1.2.7 Vaults

An Exascale vault is a logical storage container that uses the physical resources provided by Exascale storage pools.

By default, a vault can use all the underlying storage pool resources. However, an Exascale administrator can limit the amount of space, I/O resources (I/Os per second, or IOPS), and cache resources associated with each vault.

Exascale vaults facilitate strict data separation, ensuring that data is isolated to specific users and separated from other data and users. A vault, and its contents, are invisible to users without the appropriate privileges. Without the correct entitlements, users of one vault cannot see another vault, even though data from both vaults may be striped across the same underlying storage pools.

To an end-user and Oracle Database, a vault appears like a top-level directory that contains files. Exascale uses the convention of beginning vault names with the at sign (@) character. For example, @my-vault. So, a fully qualified Exascale file path always starts with the at sign (@) and vault name, followed by the rest of the file path. For example, @my-vault/my-example/my-path/my-file-name.

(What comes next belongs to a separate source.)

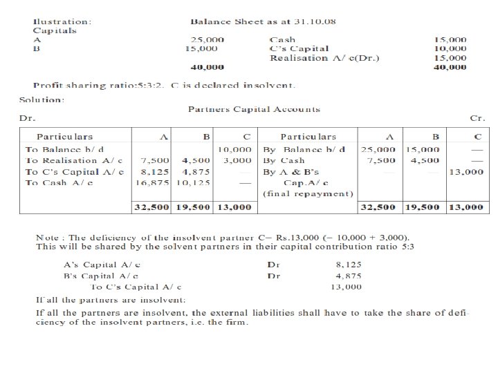 Garner Vs. Murray Rule : (The third partner who became insolvent was Mr. Wilkins) • The deficiency of the insolvent partner shall be taken over by the solvent partners. The following steps are taken: • (a) The loss on realisation shall be shared between all the partners (including the insolvent partner) in their profit-sharing ratio. • (b) The solvent partners shall bring in cash equal to the amount of loss suffered by them. • Cash A/c Dr. • To Solvent Partners Capital A/c • (c) The deficiency of the insolvent partner shall be taken over by the solvent partners in their capital contribution ratio ( fixed or fluctuating capitals) • Solvent Partners Capital A/c Dr. • To Insolvent Partner’s Capital A/c

Note that although a vault seems to use a hierarchical directory structure, it does not actually contain directories. Instead, each file has a path that can include virtual directories. For example, in the file path @my-vault/my-db1/datafiles/my-datafile1, my-db1 and datafiles function as virtual directories within the full file path. These virtual directories implicitly exist only as long as files reference them, and they are removed automatically when no files use them. As a result, there are no commands to create and delete virtual directories within a vault, and there are no permissions or access controls assigned to them.